Things That Are Violet

Of all the things I know, my blood is the first that comes to mind. My blood is violet and doctors hate me. My veins are deceptively blue and my skin a sad shade of purple. I’ll tell you I was born this lilac hue, but I’d lie. It wasn’t until i met your crystal eyes, that my heart fused blue and red together.

The sky in my hometown is a soft purple at dawn; it looks misleadingly beautiful. As the sky slowly becomes brighter, the heat envelopes me, and the dry air scrapes my skin leaving angry red splotches behind; to think 18 years would have made me more tolerant of the sun’s assault.

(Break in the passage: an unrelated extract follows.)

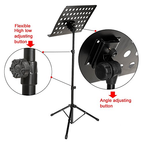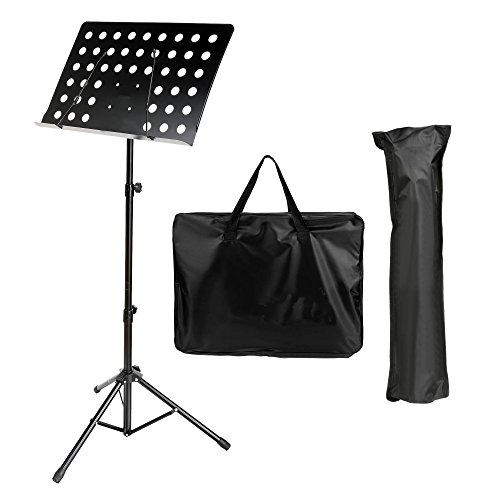 -. Brand : Binxin -. EAN : 0712755493319 -. Feature : Super Compact: The bookplate of the music stand measures 49 x 33.5 cm/ 19.1 x 13.1 inch (L x W) which is wider than other products on the market. It keeps the sheets more stable while looking stylish. / Ultra Adjustable:The stand is height adjustable(from 19.1 inch to 46.4 inch). It can swivel 360 degrees and tilt for the ease of use either sitting or standing. Adjustable height make it ideal both children and adults. / 2 SP.R.Ing Clips With Rubber Head: keep sheet music or scores in order.It is ideal when playing outdoors as it would hold the sheet music or scorer securely and preventing it from blowing away. / Metal Tripod Support: the Non-slip feet provides great support for the stand to stay firm. / Light&Portable: this sheet stand holder belongs to ultra-lightweight style, and a nice bag is used to carry and store so that you can show your wonderful performance anywhere. -. PackageQuantity : 1 -. ProductGroup : Musical Instruments -. ProductTypeName : INSTRUMENT_PARTS_AND_ACCESSORIES -. Title : Portable Adjustable Music Conductor Stand Sheet Black Metal with 2 Carrying Bags, Metal Holder, Black -. UPC : 712755493319

The skies here are fake, they look warm and inviting but there’s no room to fly; boxed-in pretty birds are all we can be.

My grandmother’s voice when she sings feels like I imagine heaven songs do. Its familiarity makes me adore it, but the neighbours next door think it is too pitchy. She sings of lost love and family, she sings of dreams forgotten. She sings about marriage and customs and the trees back home in kharagpur. Her voice is lilac; cocooning me in it’s nostalgia.

This house is violet. On the outside it’s painted a warm yellow, with brick red accents, but the inside is lonely, the space between the silences yearning for your presence again. This house doesn’t feel like a home, without you, or maybe it does and I need you to complete it. I need you here, to dance around, and be my twisted sister. The walls are painted colours I could name, but this home is shrouded in a violet daze, till it feels your presence again.

Of all the things I know, my emotions are what should end this miserable list. Not sad or happy, they’re just a lavender feeling I can’t describe. I exist in a vacuum where the only world I see is a shoddy movie; it plays on and on, and I feel nothing but pinpricks here and there. I have lost all emotions, and I don’t know what to make of it. Every day that passes, I fear I’ll lose what’s left of my mind, because I keep thinking of where I went wrong; with him, with her and with me. I’d like to know the answers, but only you could give those to me and right now, ashes in my mouth would taste better than listening to your lies.